The current state of Australia-China relations has been met with growing incredulity and anxiety. Why would Australia, in the middle of its biggest depression since the 1930s, provoke a trade war with its biggest trade partner? Why is it doing so with a rhetoric based less on condemning abuses of human rights and suppression of democracy – one that has been variously dialled up and down since 1989 – but of a rising empire directly threatening our way of life?

Even though Australia currently has little idea of an economic future outside the trading relationship with China – one that has floated it recession-free from the mid-1990s to the present – the current government and the defence-intelligence establishment are hurtling to some kind of showdown. A heady mix of 1980s Cold War dénouement and 1939/41 emergency, there’s a heightened sense of national awakening – ‘we’ve let you walk over us for too long’ – and of impending and inevitable conflict. From the bottom of the old war chest, ‘whose side are you on’ has been dusted off, and, some tweaks here and there, it still fits.
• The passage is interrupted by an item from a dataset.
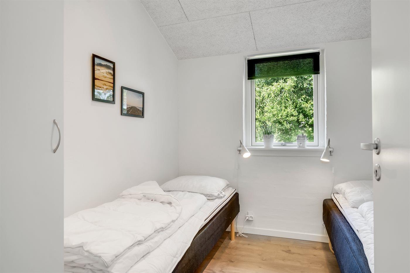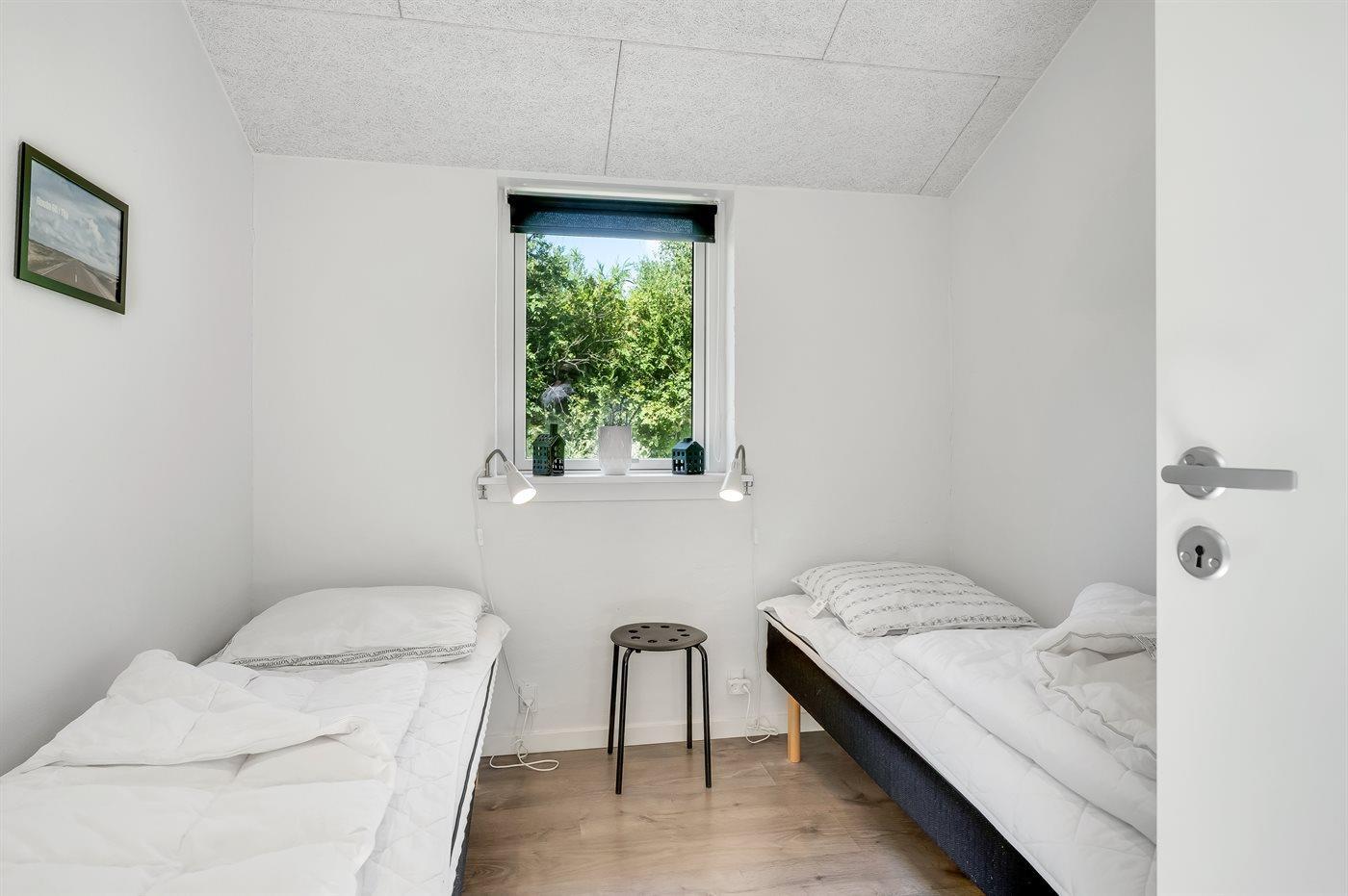 Der er i alt 5 soveværelser. Sovepladserne fordeler sig på: 4 sovepladser i dobbeltsenge. 6 sovepladser i enkeltsenge. Derudover er der 1 stk. barneseng.

Pearls and Irritations has been forthright in highlighting both the hypocrisy of this strident ‘evil empire’ rhetoric and the abandonment of a clear-eyed assessment of national interest this entails. The only viable global hegemon – geopolitical, economic, military, ideological – is the US, and its record as a warfare state, one perfectly happy to install and support dictatorships, needs little more comment here. It is led by a president whose trashing of democratic process, rational discourse, consistency of position and common decency is undisputed. Indeed, his global supporters revel in this casting aside of the liberal niceties, celebrating the chaos and outrage that puts ‘the elites’ on the defensive. It is to this president, and his appointed ultra-hawks, that the Coalition government does not just pay necessary lip-service but, rather, cringing homage.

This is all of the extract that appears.